# WHAT IS REQUIRED:
Each line that has the string "cultural" must be copied from the records below.

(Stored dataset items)
⟨

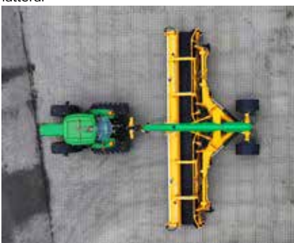
Machine dépliée à 100% en position andain latéral
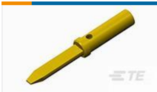
TE 产品编号226335-000 CTA-0166
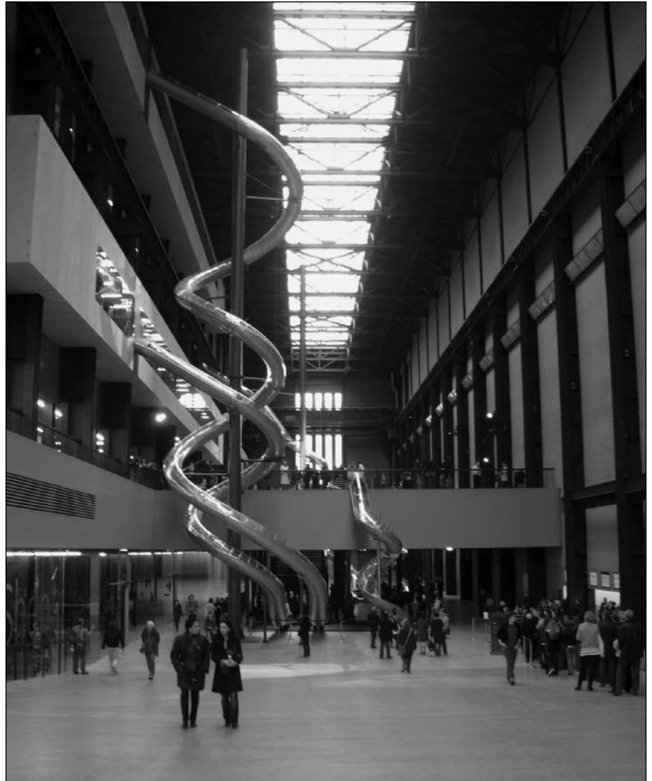
Illustration 2 : Les toboggans de Carsten Höller, Unilever Series, Turbine Hall, Tate Modern, Londres (10 octobre 2006 – 15 avril 2007).
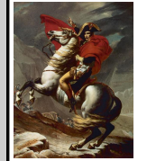
DAVID « Bonaparte franchissant les Alpes au col du grand St Bernard » 1802
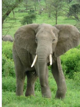
ช้างแอฟริกา

ช้างเป็นสัตว์ที่ใกล้สูญพันธุ์อยู่ในบัญชี 1 (Appendix I) ของอนุสัญญาว่าด้วยการค้าระหว่างประเทศซึ่งชนิดสัตว์ป่าและพืชป่าที่ใกล้สูญพันธุ์ (CITES) ที่ไม่อนุญาติให้มีการค้าระหว่างประเทศ และห้ามนำเข้าส่งออกโดยเด็ดขาด ยกเว้น เพื่อการศึกษา วิจัย และเพาะพันธุ์
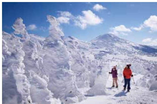
「青森縣」八甲田樹冰 日本東北三大樹冰聖地之一
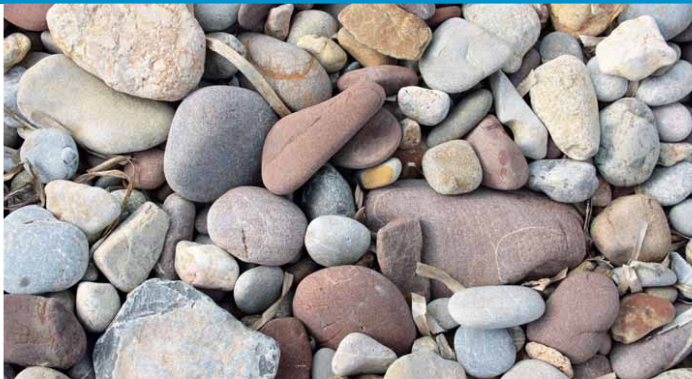
Còdols a la platja

A la platja de Son Bunyola no trobarem arena; es tracta d'una típica cala de còdols de la costa nord de Mallorca. Els còdols són pedres erosionades, fragments de roca modelades per les ones dia rere dia. El fregament entre ells els arrodoneix i mata els caires angulosos fins aconseguir aquestes formes rodones o el·líptiques, llises i suaus. La força de l'onatge dels temporals de nord treu a la superfície còdols de major mida, i depenent de l'estat de la mar, l'aparença de la cala serà diferent, amb pedres de major mida unes vegades i més petites unes altres.
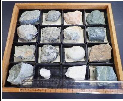
番号:62 変成岩標本 (16個)
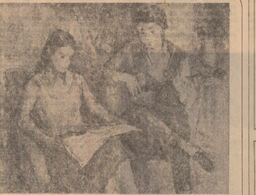
La câmpul cultural
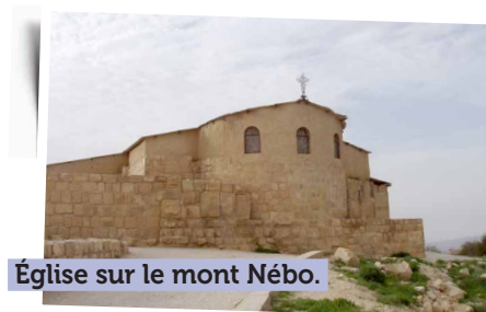
Église sur le mont Nébo.
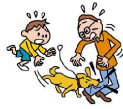
●飼い犬が他人に噛みつきケガを負わせた
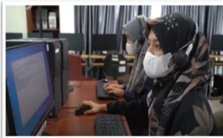
Uji Coba Wawancara Dengan Moda CATI

Multimode data collection yang diuji-coba mencakup penggunaan Paper And Pencil Interviewing (PAPI), Computer Assisted Personal Interviewing (CAPI), Computer Assisted Telephone Interviewing (CATI), Computer Aided Web Interviewing (CAWI), dan Drop Off and Pick Up (DOPU) oleh petugas.
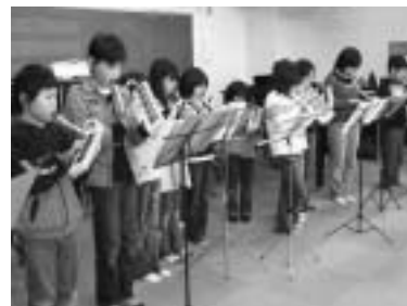
各小学校の9名からなる器楽クラブ。自分が持っている身近な楽器で楽しく演奏するクラブです。現在、来年度の参加者を募集中です。
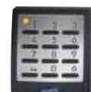
Funk-Codetaster Signal 218 10 Codes, 433 MHz, Keeloq-Wechselcode, mit hinterleuchteter Edelstahlblende
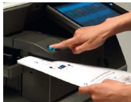
PINZATURA MANUALE FINO A 40 FOGLI (80 GR)
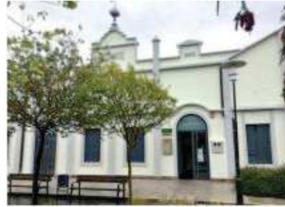
Centro cultural de Quintela
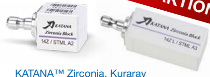
KATANA™ Zirconia, Kuraray

Der MULTI LAYERED KATANA™ Zirconia Block ist aus vier Zirkon-Schichten und einem integrierten Farb- und Transluzenzverlauf aufgebaut. Die hohe Biegefestigkeit von 763 MPa und die hohe Transluzenz bei minimalinvasiver Präparation führen zu einer außergewöhnlichen Ästhetik.
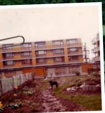
Op foto's uit de jaren tachtig zie je een enorme kale vlakte.

“Wij hebben het enorm getroffen met deze tuin.”
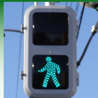
省エネルギーに関する事業
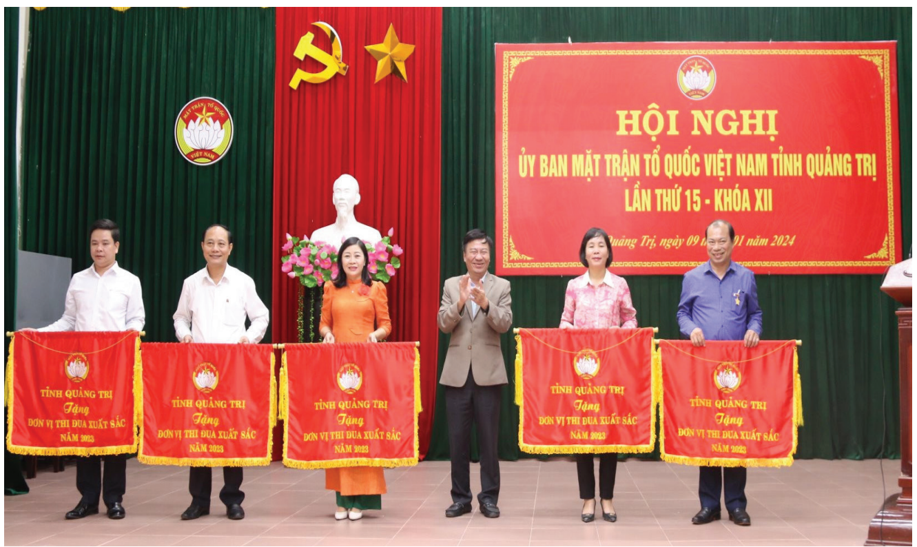
Trao Cờ thi đua xuất sắc của Ủy ban MTTQ Việt Nam tỉnh Quảng Trị cho các tập thể
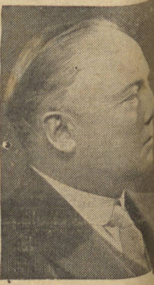
SIR JAMES GRIGG

OXFORD, 5 (U. P.) — secretario de Estado britânico para Negocios de Guerra, sr. James Grigg, falando na Universidade local, solicitou
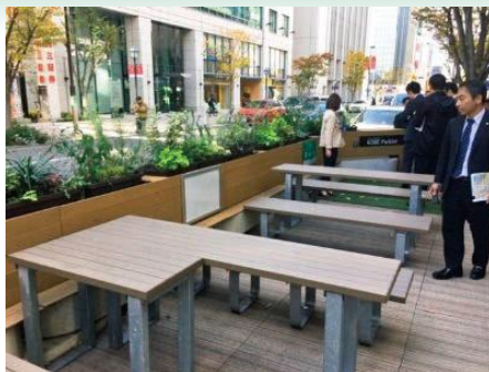
KOBEパークレット 街中に休憩スペースを設置
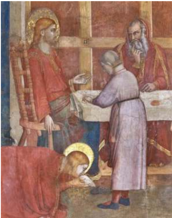
Assisi. Basilica inferiore di San Francesco, Cappella della Maddalena, particolare

oggi: io so voltarmi a guardare le cose diversamente, con uno sguardo diverso? Ho il desiderio di conversione? Un io troppo sicuro, troppo orgoglioso ci impedisce di riconoscere Gesù Risorto: anche oggi, infatti, il suo aspetto è quello di persone comuni che rimangono facilmente alle nostre spalle. Persino quando piangiamo e ci disperiamo, lo lasciamo alle spalle. Invece di guardare nel buio del passato, nel vuoto di un sepolcro, da Maria Maddalena impariamo a voltarci verso la vita. Lì il nostro Maestro ci attende. Lì il nostro nome è pronunciato. Perché nella vita reale c'è un posto per noi, sempre e dovunque. C'è un posto per te, per me, per ciascuno. Nessuno può prenderlo, perché è stato pensato da sempre per noi. È brutto, come si dice nel parlato volgare, è brutto lasciare la sedia vuota. Questo posto è per me, se io non ci vado... Ognuno può dire: io ho un posto, io sono una missione! Pensate questo: qual è il mio posto? Qual è la missione che il Signore mi dà? Che questo pensiero ci aiuti a prendere un atteggiamento coraggioso nella vita. Grazie.
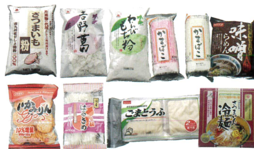
▲サツマイモでん粉を使った一般商品例

本品種の育成は、生研支援センター「イノベーション創出強化研究推進事業」（高品質・多収なでん粉原料用カンショ品種の育成）の支援を受けています。

⟩

# OUTPUT OF THE TASK:
La câmpul cultural
Centro cultural de Quintela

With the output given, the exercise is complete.